Evolution and the High School Student terrified me in my delicate years. This booklet intimated that when I reached high school the unending assaults of the atheistic non-believers would be unrelenting. I feared for my very soul. Instead, in high school I found nose-picking, pocket-pool playing, and chalk-print-on-the-pants-seat teachers were among the openly committed Christians. Some even kept Bibles on their desks. (This was a public school.) The book lost its teeth.

GooZoo

My personal favorite is How Did It All Begin? (or From Goo to You by Way of the Zoo) by Harold Hill (obviously when he was not out swindling River City, Iowa folk of their hard-earned cash to start a bogus boy’s band). This booklet, complete with cute, cartoon drawings, convinces grade-schoolers that evolution answers no questions at all. He had me going as a kid, until I got to the part where he claimed scientists had invented a machine that could indicate if you were “saved” or not. Even as a gullible child I couldn’t buy that.

The efforts of the Creationists are tireless. Even this brief survey of books that I happened to chance upon is nowhere near a comprehensive survey of what is out there. What it does serve to demonstrate is that all reasonable people should be wary. After all, even Jesus knew that a person in the wrong, if persistent enough, could convert even a hard-hearted judge.


Bible Land

Once upon a time I took a trip to visit a friend in West Virginia. I made the drive from New Jersey across parts of Pennsylvania and Maryland. Having grown up in Pennsylvania I never supposed it to be considered part of the “Bible Belt,” but it seems that some of the spillover may be making its way north of the Mason-Dixon line.
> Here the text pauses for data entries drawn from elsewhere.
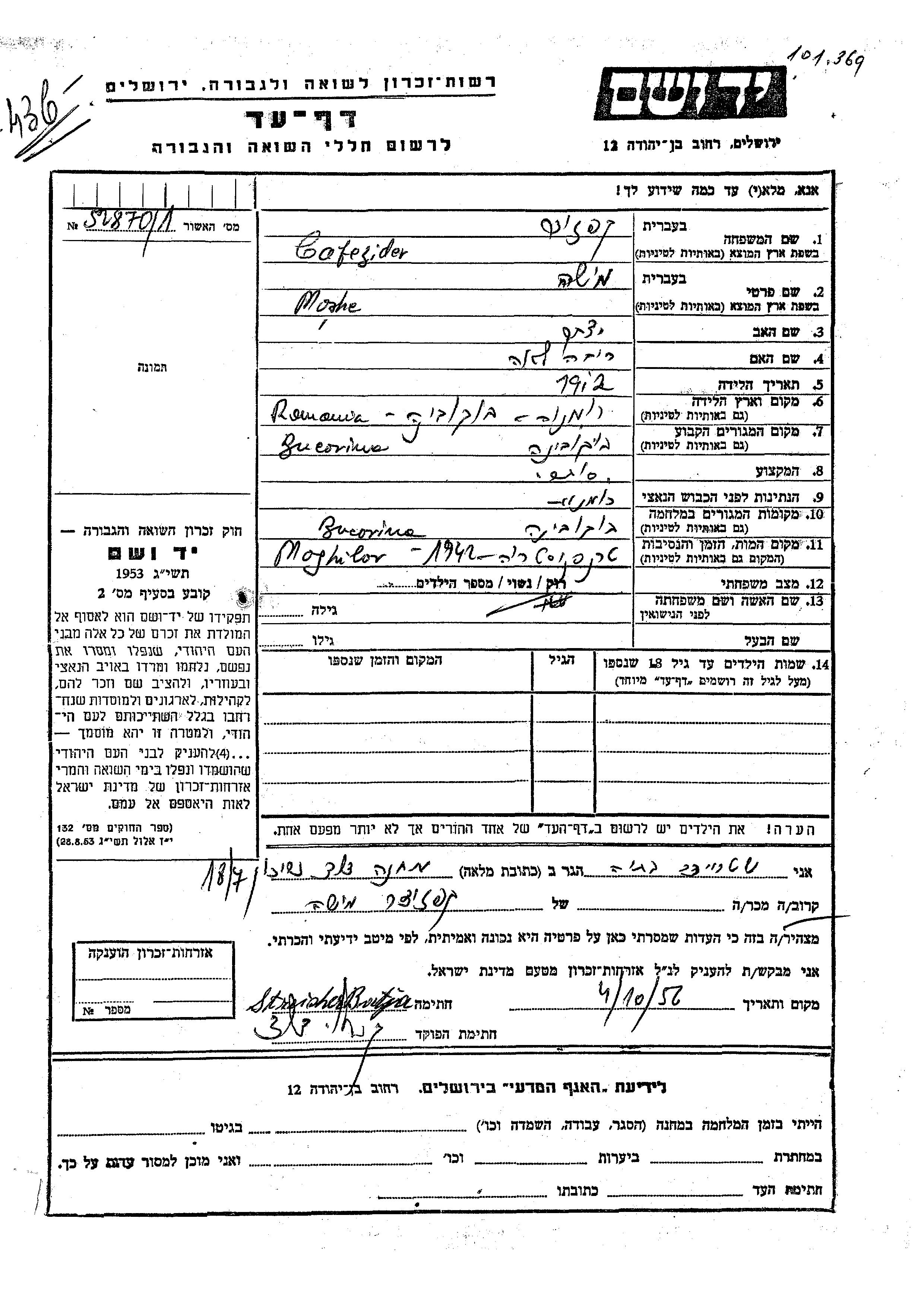 Misha Moshe Cafezider wurde im Jahr 1912 in Bukovina, Rumänien geboren. Er war der Sohn von Yitzkhak und Riva Lea. Er war Kaufmann/-frau und Verheiratet. Vor dem Zweiten Weltkrieg lebte er in Bukovina, Rumänien. Während des Krieges war er in Bukovina, Rumänien.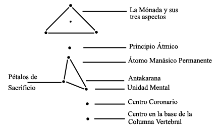 [LAHR:] La construcción del Antahkarana está regida por la Ciencia de los Triángulos, pudiendo entenderse como la construcción de un triángulo equilatero entre la unidad mental (mente concreta), el loto egoico (la conciencia del ángel solar) y el átomo mental permanente (mente abstracta). Sólo así la conciencia búddhica (Venus) puede expresarse a cabalidad.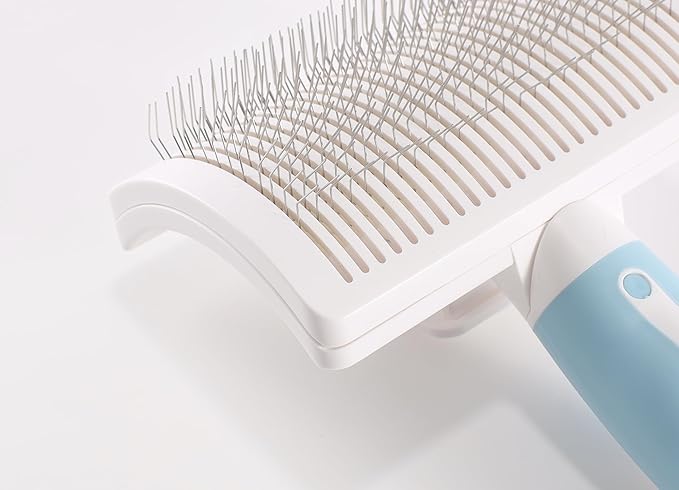 - Self-Cleaning Convenience-Equipped with a release button, this self-cleaning brush allows you to effortlessly remove hair from the retractable wire pins with just a push. Perfect for medium or long-haired dogs, it simplifies cleanup and saves time.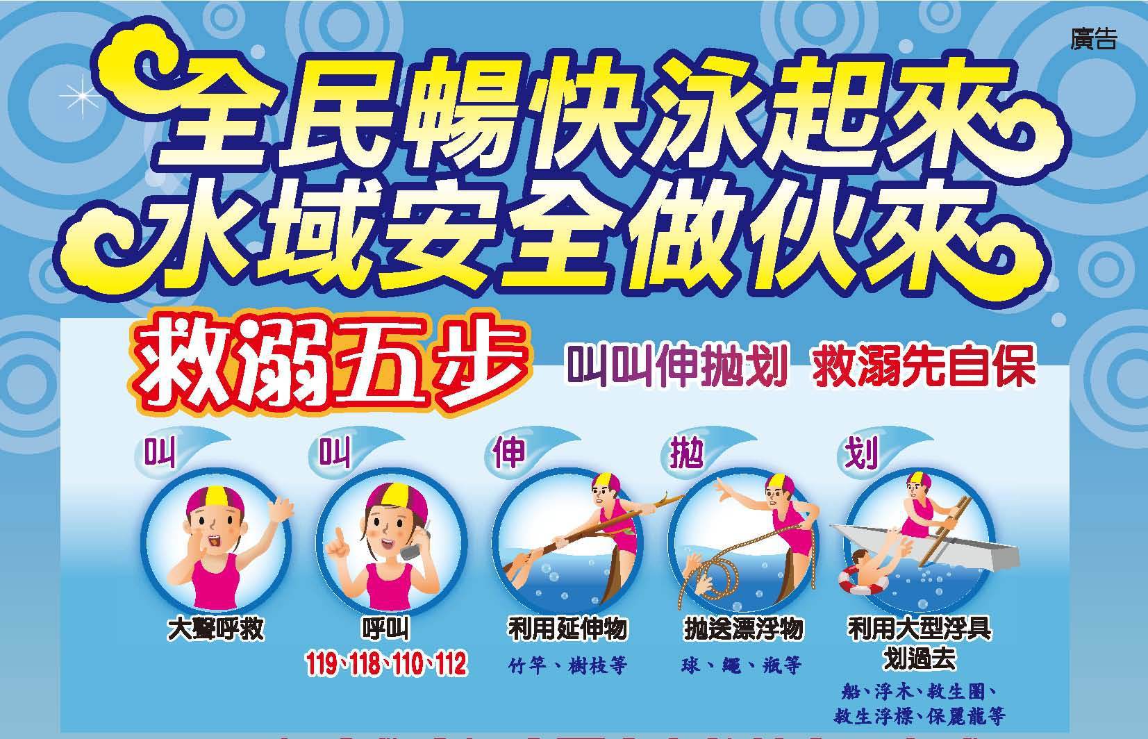 6.如發現有人溺水,應大聲呼叫請求支援,並打118、119向海巡單位或消防單位求援,切勿自行冒然下水施救;並察看周圍是否有救生繩、救生圈等具有浮力之物品,作為岸上施救的救生器材。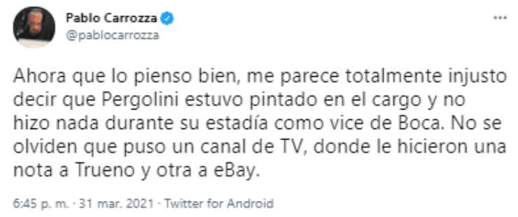 Arremetiendo contra el ahora ex directivo de Boca, Carrozza, sin pelos en la lengua, utilizó su cuenta de Twitter y escribió: “Ahora que lo pienso bien, me parece totalmente injusto decir que Pergolini estuvo pintado en el cargo y no hizo nada durante su estadía como vice de Boca. No se olviden que puso un canal de TV, donde le hicieron una nota a Trueno y otra a eBay”.

Interstate 78 has recently struck me as being highly evangelized. I saw a billboard reading “Blessed is the nation whose God is the Lord” and remarked at how out of context this verse was taken. Last time I checked, the Bible tended to be concerned with Israel, not the United States. Further along I saw a church near Bethel, PA called the Assembly of Yahweh. Not being aware that there was confusion as to who the God of the Israelites was, it amazed me to see that they have their own radio station called “The voice of the Assembly of Yahweh.” This struck me as a missed opportunity; the real message could have come through more clearly with “of the Assembly” left out. Yet further along was an ominous billboard from a local Mennonite Church that sounded eerily like Amos. “You Will Meet God” it announced.

Storm's a-comin'

Storm's a-comin'

As I entered Maryland the sales tactics intensified. In Frostburg there was God’s Ark of Safety Church where an actual replica of Noah’s Ark is being built right along Interstate 70/68. Since the steel frame is all that was currently finished, I was glad that it hadn’t recently been raining. Perhaps a more recent translation of the Bible has updated gopher wood to Bethel steel. Further along I spotted a lighthouse atop a hill over a hundred miles from the nearest substantial body of water. This was the World Lighthouse Worship Center. While visiting an actual lighthouse on Lake Superior a few years back the docent informed me that lighthouses were now considered superfluous with the advent of Global Positioning Systems. (Shhh — please don’t inform them that science has again trumped a quaint piece of folklore! I can imagine that the lighthouse may be useful when the new ark is completed.) Along route 219 in McHenry, MD I saw “A House of Love Gathering Place” that I just couldn’t dissociate from the B-52’s for some reason. Just about on the border to West Virginia was the Fresh Fire Church of God.

The United States is truly an impressive reservoir of biblicism. Perhaps university administrators who believe the study of religion isn’t worth the meager salary of an assistant professor should take a road trip. It would be a learning experience.